Saturday, June 6, 2009

Berlari menuju bulan purnama

Terlambat. Ketika aku dan Suran menyapai mulut gua tempat Recca seharusnya berada, cahaya menyilaukan itu lenyap. Recca pun tak ada.

"Recca! Recca!" Panggilku. Gema teriakanku terdengar memekikan telinga. Aku berlari, bahkan ke sudut-sudut gua, berusaha mencari-cari Recca.

Beberapa menit berlalu. Recca tak dapat kutemukan.

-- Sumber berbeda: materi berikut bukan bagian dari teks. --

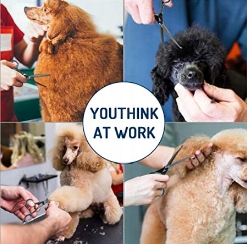 - 【Wysokiej jakości nożyczki do salonu fryzjerskiego dla psów】 Te nożyczki do salonu dla psów są wykonane z wysokiej jakości stali nierdzewnej. Trwała, doskonała dokładność i ostrość, nadaje się do pielęgnacji wielu zwierząt, wystarczy stworzyć każdą fryzurę dla Twojego pięknego zwierzęcia domowego. Ostrze nożyc jest bardzo gładkie, ostre i trwałe, nie rdzewieje. Zmniejsza to prawdopodobieństwo, że sierść zwierzęca zostanie zraniona przez pociągnięcie i sprawia, że Twoje zwierzę domowe cieszy się szczęśliwym procesem pielęgnacji.

"Sepertinya Recca tidak ada di sini. Kalau ada, dia pasti sudah menjawab panggilanmu," Suran akhirnya buka suara.

"Kalau tidak ada di sini, dimana dia? Kemana dia pergi? Kemana?" tanyaku, emosi mulai menguasai diriku.

"Aku... Tidak tahu. Yang bisa kurasakan dari tempat ini hanyalah sisa-sisa sihir pemanggil. Ini diluar batas kemampuanku. Kita membutuhkan Lidus. Kau harus tenang dulu. Kita harus mencari Lidus."

"Suran, aku tak ada waktu untuk menunggu. Recca masih bayi. Dia masih kecil dan sekarang dia menghilang. Bagaimana mungkin aku bisa tenang? Dia sangat berarti bagiku!"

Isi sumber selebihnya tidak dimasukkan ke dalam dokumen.